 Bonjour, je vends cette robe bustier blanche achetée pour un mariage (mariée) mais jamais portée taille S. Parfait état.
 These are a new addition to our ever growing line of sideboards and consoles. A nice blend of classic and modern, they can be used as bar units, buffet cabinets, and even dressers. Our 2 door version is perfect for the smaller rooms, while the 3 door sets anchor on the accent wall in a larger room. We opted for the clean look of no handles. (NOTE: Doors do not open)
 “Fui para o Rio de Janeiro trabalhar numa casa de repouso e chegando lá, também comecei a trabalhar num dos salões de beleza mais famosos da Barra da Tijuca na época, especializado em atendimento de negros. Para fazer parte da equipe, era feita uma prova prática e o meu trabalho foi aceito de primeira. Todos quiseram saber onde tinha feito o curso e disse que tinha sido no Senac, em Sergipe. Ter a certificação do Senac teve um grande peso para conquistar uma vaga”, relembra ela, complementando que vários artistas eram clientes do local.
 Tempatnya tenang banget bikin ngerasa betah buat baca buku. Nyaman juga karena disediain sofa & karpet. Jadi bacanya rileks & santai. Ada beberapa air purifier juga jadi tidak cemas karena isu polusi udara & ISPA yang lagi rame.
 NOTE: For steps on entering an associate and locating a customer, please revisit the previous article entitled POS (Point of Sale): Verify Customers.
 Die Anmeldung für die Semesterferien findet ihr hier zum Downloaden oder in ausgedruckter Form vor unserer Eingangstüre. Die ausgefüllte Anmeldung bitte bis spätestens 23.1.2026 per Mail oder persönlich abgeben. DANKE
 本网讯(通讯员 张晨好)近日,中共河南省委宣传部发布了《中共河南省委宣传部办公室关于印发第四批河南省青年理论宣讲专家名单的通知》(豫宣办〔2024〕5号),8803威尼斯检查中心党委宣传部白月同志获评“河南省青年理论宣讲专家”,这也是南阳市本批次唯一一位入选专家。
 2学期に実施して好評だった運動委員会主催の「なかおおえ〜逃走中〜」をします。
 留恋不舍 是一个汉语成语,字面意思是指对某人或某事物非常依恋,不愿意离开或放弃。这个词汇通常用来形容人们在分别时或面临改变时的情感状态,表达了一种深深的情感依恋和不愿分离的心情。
◆ ◆ ◆ ◆ ◆ ◆ ◆
**Task description:** Starting with the line that contains "clientes do local.", restate every line up to and including the last one above, exactly.

**Solution below:**
 “Fui para o Rio de Janeiro trabalhar numa casa de repouso e chegando lá, também comecei a trabalhar num dos salões de beleza mais famosos da Barra da Tijuca na época, especializado em atendimento de negros. Para fazer parte da equipe, era feita uma prova prática e o meu trabalho foi aceito de primeira. Todos quiseram saber onde tinha feito o curso e disse que tinha sido no Senac, em Sergipe. Ter a certificação do Senac teve um grande peso para conquistar uma vaga”, relembra ela, complementando que vários artistas eram clientes do local.
 Tempatnya tenang banget bikin ngerasa betah buat baca buku. Nyaman juga karena disediain sofa & karpet. Jadi bacanya rileks & santai. Ada beberapa air purifier juga jadi tidak cemas karena isu polusi udara & ISPA yang lagi rame.
 NOTE: For steps on entering an associate and locating a customer, please revisit the previous article entitled POS (Point of Sale): Verify Customers.
 Die Anmeldung für die Semesterferien findet ihr hier zum Downloaden oder in ausgedruckter Form vor unserer Eingangstüre. Die ausgefüllte Anmeldung bitte bis spätestens 23.1.2026 per Mail oder persönlich abgeben. DANKE
 本网讯(通讯员 张晨好)近日,中共河南省委宣传部发布了《中共河南省委宣传部办公室关于印发第四批河南省青年理论宣讲专家名单的通知》(豫宣办〔2024〕5号),8803威尼斯检查中心党委宣传部白月同志获评“河南省青年理论宣讲专家”,这也是南阳市本批次唯一一位入选专家。
 2学期に実施して好評だった運動委員会主催の「なかおおえ〜逃走中〜」をします。
 留恋不舍 是一个汉语成语,字面意思是指对某人或某事物非常依恋,不愿意离开或放弃。这个词汇通常用来形容人们在分别时或面临改变时的情感状态,表达了一种深深的情感依恋和不愿分离的心情。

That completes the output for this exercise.